In a lecture last summer sponsored by Australia's right-wing Institute of Public Affairs, CS Prakash lashed "the poor's new enemy". [http://news.com.au/common/story_page/0,4057,912898^421,00.html]

Prakash claimed GE was absolutely essential to solving problems of poor health, inadequate nutrition, food security and poverty in developing nations and went on:

"What I see is extremist groups opposed to biotechnology, using arguments about food safety and environmental impact to frighten Western consumers and to deprive the Third World of new technology that it desperately needs." They thus hypocritically "keep Third World farmers in poverty".

Third World farmers "don't want authoritarian activists in wealthy industrialised nations preaching to them.." He also argued that western anti-biotechnology activists represented a "new imperialism" that would condemn developing nations to permanent poverty and despair.

"They have a broader agenda -- they want to control the production and distribution of food, on their terms. But I would rather see it done by multinational companies with enormous skills, resources and investment, which are all badly needed in the Third World."

What happened in Makasser just over a week ago, as reported in the Jakarta Post on March 17 gives the lie to all of this. The arrival of 40 tons of Monsanto's GM cotton seed was greeted by "strong protests" not by Western activists but a whole raft of local NGOs:
1. YLK Sulsel
2. Yayasan JATI
3. YKPM
4. Yasmid
5. Yapta-U
6. YTMI
7. FIK Ornop Sulsel
8. JKPO Sulsel

Indonesia's wide-ranging opposition is not an isolated case. Last September the Thai newspaper The Nation (17 Sep 2000) reported on a 10 day farmers rally as part of "The Asian Long March to Protect Bio-diversity" in which around 1,000 farmers declared their opposition to both trade and research into GMOs. The Thai farmers were joined by representatives from the Philippines, Malaysia, Cambodia, Laos, Burma as well as Indonesia.

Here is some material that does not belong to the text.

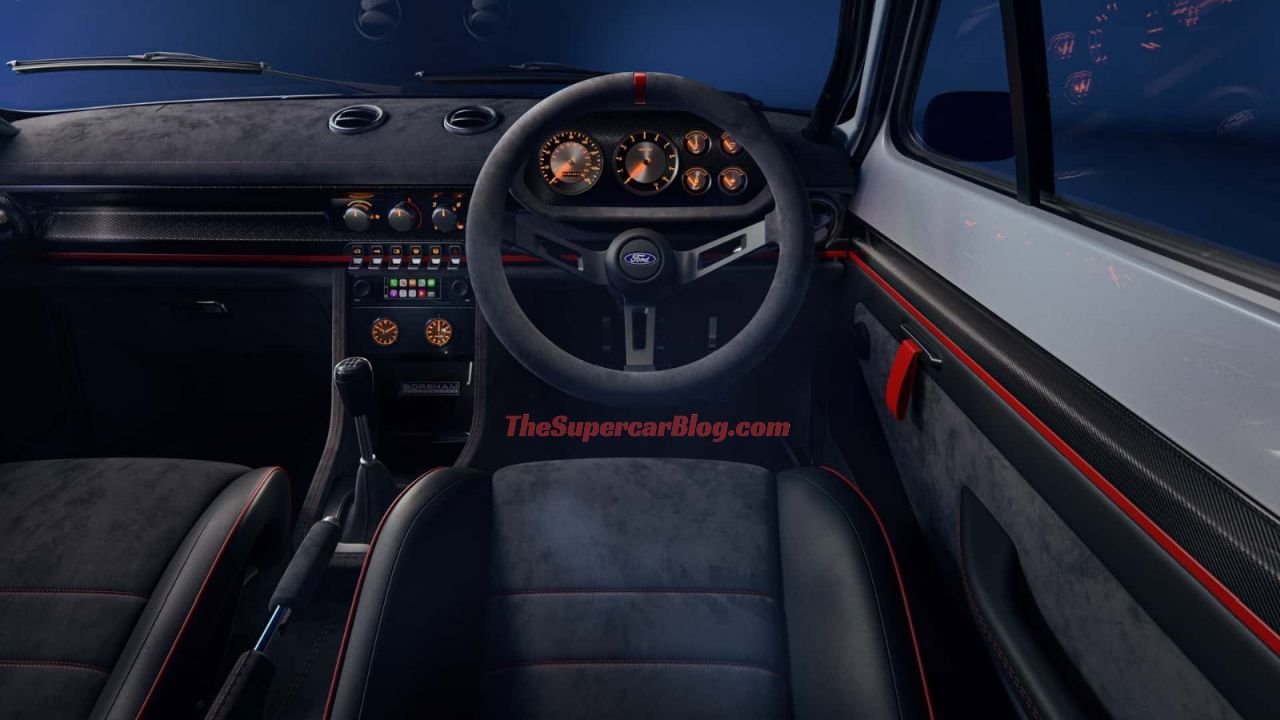 The revamped interior of the Escort Mk1 features black leather upholstery with red accents. The dashboard, door pads, and seats have Alcantara inserts. Boreham has installed an upgraded instrument cluster, which features revised dials and a 3-spoke sports steering wheel wrapped in Alcantara.

Next in November came the "People's Caravan 2000--Citizens on the Move for Land and Food Without Poisons!" which called for pesticide reform and opposed genetic engineering, focusing particularly on the unethical practices of many transnational corporations as they moved to take control of local food supplies and agricultural production systems. The Caravan comprised thousands of farmers, landless peasants, and farmworkers, as well as representatives of local NGOs, from countries including India, Bangladesh, the Philippines, Korea, and Japan, as well, once again, as Indonesia.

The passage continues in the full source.